* _Goal of the exercise_
Among the records below, find the line that has "উপর্যূক্ত বিষয়ের আলোকে"; from there, give the lines again exactly, and stop after the line that has "This app will".

* _Source material_
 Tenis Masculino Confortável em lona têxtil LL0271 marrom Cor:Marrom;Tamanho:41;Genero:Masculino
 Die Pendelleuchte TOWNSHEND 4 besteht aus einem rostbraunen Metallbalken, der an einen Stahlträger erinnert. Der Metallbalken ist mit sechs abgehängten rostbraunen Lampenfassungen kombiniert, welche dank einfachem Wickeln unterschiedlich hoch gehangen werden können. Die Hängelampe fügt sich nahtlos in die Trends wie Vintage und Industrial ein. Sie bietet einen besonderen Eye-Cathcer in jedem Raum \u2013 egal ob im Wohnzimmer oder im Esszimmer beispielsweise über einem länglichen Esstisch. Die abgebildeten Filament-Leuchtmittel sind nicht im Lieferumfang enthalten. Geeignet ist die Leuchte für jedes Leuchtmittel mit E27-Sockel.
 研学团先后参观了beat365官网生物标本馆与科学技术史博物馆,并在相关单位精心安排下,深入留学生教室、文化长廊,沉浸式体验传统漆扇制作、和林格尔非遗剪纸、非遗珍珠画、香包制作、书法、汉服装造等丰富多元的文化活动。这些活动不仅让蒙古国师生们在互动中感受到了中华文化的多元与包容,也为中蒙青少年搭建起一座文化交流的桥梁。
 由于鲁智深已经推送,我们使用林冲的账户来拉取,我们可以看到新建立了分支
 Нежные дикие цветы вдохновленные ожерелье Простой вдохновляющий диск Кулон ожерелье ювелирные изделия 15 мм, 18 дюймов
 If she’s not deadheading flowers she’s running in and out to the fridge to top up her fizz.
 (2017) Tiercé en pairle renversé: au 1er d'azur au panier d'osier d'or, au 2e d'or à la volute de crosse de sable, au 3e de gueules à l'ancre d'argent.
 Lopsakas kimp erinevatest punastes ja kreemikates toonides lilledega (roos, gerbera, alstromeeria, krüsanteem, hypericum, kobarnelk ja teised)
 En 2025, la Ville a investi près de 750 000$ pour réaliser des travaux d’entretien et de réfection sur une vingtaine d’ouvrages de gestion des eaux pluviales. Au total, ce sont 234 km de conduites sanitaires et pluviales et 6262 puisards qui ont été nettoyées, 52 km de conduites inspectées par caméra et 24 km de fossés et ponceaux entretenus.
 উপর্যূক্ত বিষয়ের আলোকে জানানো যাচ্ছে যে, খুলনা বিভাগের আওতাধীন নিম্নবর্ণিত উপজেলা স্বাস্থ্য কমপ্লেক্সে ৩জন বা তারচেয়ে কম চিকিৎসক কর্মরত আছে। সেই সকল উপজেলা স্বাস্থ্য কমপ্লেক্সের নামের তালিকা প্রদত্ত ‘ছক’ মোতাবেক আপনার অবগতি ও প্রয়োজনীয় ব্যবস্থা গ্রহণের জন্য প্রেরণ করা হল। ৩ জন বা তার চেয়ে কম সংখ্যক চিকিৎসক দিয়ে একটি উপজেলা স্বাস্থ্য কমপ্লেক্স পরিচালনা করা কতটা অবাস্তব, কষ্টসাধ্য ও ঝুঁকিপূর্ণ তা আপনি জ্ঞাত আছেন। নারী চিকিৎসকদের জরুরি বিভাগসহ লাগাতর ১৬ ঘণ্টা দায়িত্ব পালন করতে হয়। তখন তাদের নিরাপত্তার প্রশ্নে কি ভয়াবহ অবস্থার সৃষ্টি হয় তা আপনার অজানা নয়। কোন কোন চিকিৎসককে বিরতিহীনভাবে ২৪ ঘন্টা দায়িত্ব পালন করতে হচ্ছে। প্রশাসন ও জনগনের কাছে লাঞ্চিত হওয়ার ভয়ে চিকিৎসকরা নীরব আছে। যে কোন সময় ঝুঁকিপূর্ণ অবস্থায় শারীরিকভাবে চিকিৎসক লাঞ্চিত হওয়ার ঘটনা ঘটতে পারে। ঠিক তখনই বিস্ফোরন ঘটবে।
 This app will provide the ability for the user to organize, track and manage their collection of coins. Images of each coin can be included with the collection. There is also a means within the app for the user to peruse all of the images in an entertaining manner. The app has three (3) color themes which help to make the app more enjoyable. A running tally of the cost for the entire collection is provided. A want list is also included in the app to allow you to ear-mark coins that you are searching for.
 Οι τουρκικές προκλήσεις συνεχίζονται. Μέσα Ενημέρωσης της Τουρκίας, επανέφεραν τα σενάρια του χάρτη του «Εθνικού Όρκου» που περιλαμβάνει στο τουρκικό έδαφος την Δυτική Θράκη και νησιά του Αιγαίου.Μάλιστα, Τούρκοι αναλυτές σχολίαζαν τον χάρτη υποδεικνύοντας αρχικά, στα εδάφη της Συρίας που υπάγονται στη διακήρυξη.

* _Reply_
 উপর্যূক্ত বিষয়ের আলোকে জানানো যাচ্ছে যে, খুলনা বিভাগের আওতাধীন নিম্নবর্ণিত উপজেলা স্বাস্থ্য কমপ্লেক্সে ৩জন বা তারচেয়ে কম চিকিৎসক কর্মরত আছে। সেই সকল উপজেলা স্বাস্থ্য কমপ্লেক্সের নামের তালিকা প্রদত্ত ‘ছক’ মোতাবেক আপনার অবগতি ও প্রয়োজনীয় ব্যবস্থা গ্রহণের জন্য প্রেরণ করা হল। ৩ জন বা তার চেয়ে কম সংখ্যক চিকিৎসক দিয়ে একটি উপজেলা স্বাস্থ্য কমপ্লেক্স পরিচালনা করা কতটা অবাস্তব, কষ্টসাধ্য ও ঝুঁকিপূর্ণ তা আপনি জ্ঞাত আছেন। নারী চিকিৎসকদের জরুরি বিভাগসহ লাগাতর ১৬ ঘণ্টা দায়িত্ব পালন করতে হয়। তখন তাদের নিরাপত্তার প্রশ্নে কি ভয়াবহ অবস্থার সৃষ্টি হয় তা আপনার অজানা নয়। কোন কোন চিকিৎসককে বিরতিহীনভাবে ২৪ ঘন্টা দায়িত্ব পালন করতে হচ্ছে। প্রশাসন ও জনগনের কাছে লাঞ্চিত হওয়ার ভয়ে চিকিৎসকরা নীরব আছে। যে কোন সময় ঝুঁকিপূর্ণ অবস্থায় শারীরিকভাবে চিকিৎসক লাঞ্চিত হওয়ার ঘটনা ঘটতে পারে। ঠিক তখনই বিস্ফোরন ঘটবে।
 This app will provide the ability for the user to organize, track and manage their collection of coins. Images of each coin can be included with the collection. There is also a means within the app for the user to peruse all of the images in an entertaining manner. The app has three (3) color themes which help to make the app more enjoyable. A running tally of the cost for the entire collection is provided. A want list is also included in the app to allow you to ear-mark coins that you are searching for.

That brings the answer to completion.